Exercise prompt: Copy out the data below from the line containing "GIMP zeigt euch" to the line containing "Η χειμωνιάτικη ατμόσφαιρα", both lines included, with all images left out.

Supplied entries:
------

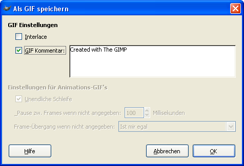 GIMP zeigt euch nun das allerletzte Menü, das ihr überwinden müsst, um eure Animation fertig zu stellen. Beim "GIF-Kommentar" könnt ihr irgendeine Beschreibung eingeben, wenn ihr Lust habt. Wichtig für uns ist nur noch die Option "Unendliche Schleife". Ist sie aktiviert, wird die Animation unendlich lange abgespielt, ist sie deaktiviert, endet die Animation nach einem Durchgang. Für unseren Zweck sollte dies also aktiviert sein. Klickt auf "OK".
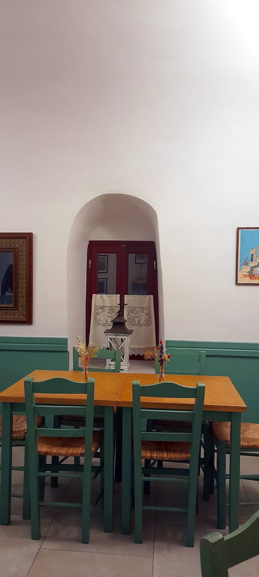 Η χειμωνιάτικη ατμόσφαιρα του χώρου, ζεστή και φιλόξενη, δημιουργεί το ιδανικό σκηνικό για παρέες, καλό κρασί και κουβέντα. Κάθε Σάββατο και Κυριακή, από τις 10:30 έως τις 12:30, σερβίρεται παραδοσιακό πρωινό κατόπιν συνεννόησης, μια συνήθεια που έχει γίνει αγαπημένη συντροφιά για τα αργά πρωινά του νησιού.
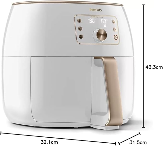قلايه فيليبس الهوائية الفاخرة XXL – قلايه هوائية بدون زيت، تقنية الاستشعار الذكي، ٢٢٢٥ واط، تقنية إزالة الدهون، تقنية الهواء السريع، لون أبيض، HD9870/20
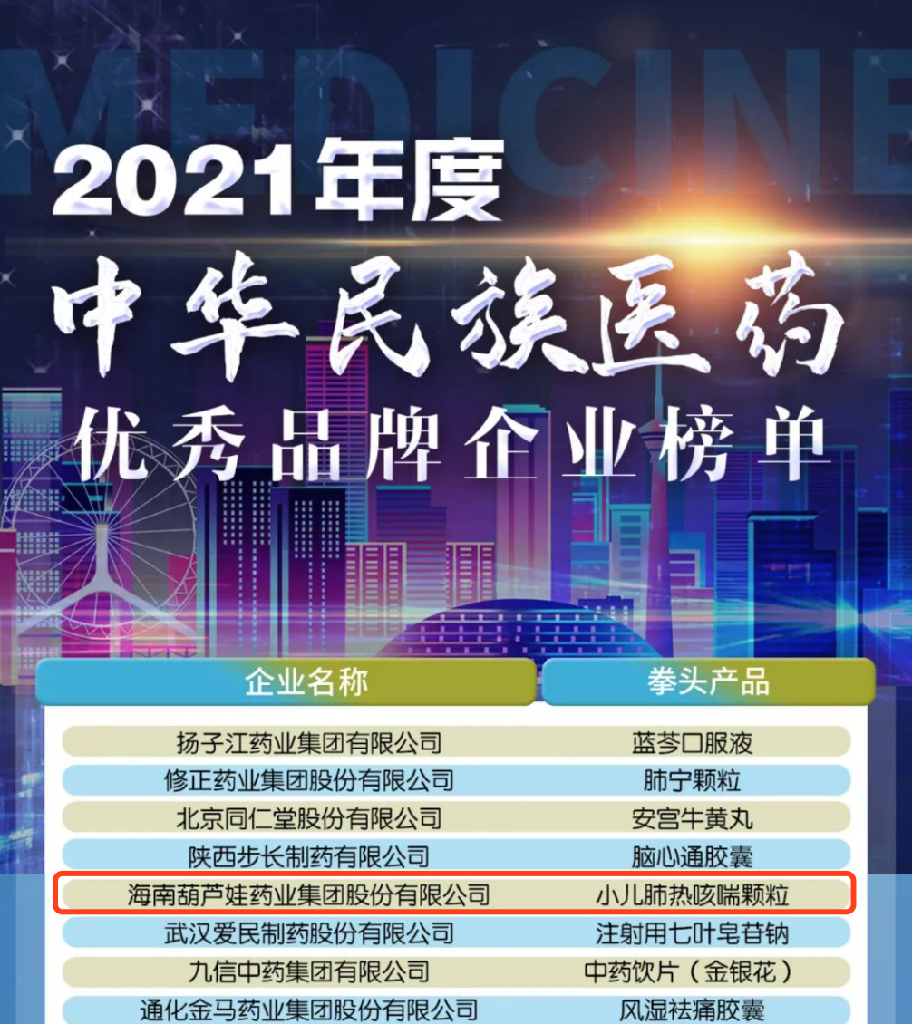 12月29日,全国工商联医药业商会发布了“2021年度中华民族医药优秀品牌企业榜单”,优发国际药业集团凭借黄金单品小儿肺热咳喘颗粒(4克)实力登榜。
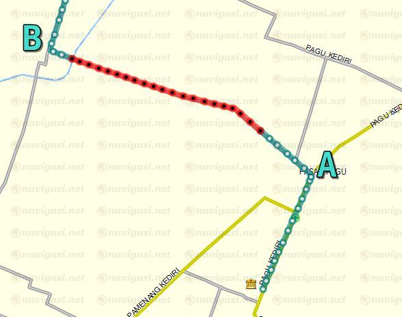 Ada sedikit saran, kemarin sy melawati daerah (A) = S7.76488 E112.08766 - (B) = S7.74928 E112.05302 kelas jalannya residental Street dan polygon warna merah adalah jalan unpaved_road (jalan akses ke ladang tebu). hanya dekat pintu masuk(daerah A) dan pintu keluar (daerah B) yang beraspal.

------

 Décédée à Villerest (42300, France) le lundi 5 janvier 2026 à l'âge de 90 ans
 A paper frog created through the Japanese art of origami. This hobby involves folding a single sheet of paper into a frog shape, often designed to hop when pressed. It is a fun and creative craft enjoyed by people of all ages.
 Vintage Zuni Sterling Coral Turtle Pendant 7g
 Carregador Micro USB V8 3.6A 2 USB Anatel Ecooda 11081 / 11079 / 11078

------

Exercise answer:
 GIMP zeigt euch nun das allerletzte Menü, das ihr überwinden müsst, um eure Animation fertig zu stellen. Beim "GIF-Kommentar" könnt ihr irgendeine Beschreibung eingeben, wenn ihr Lust habt. Wichtig für uns ist nur noch die Option "Unendliche Schleife". Ist sie aktiviert, wird die Animation unendlich lange abgespielt, ist sie deaktiviert, endet die Animation nach einem Durchgang. Für unseren Zweck sollte dies also aktiviert sein. Klickt auf "OK".
 Η χειμωνιάτικη ατμόσφαιρα του χώρου, ζεστή και φιλόξενη, δημιουργεί το ιδανικό σκηνικό για παρέες, καλό κρασί και κουβέντα. Κάθε Σάββατο και Κυριακή, από τις 10:30 έως τις 12:30, σερβίρεται παραδοσιακό πρωινό κατόπιν συνεννόησης, μια συνήθεια που έχει γίνει αγαπημένη συντροφιά για τα αργά πρωινά του νησιού.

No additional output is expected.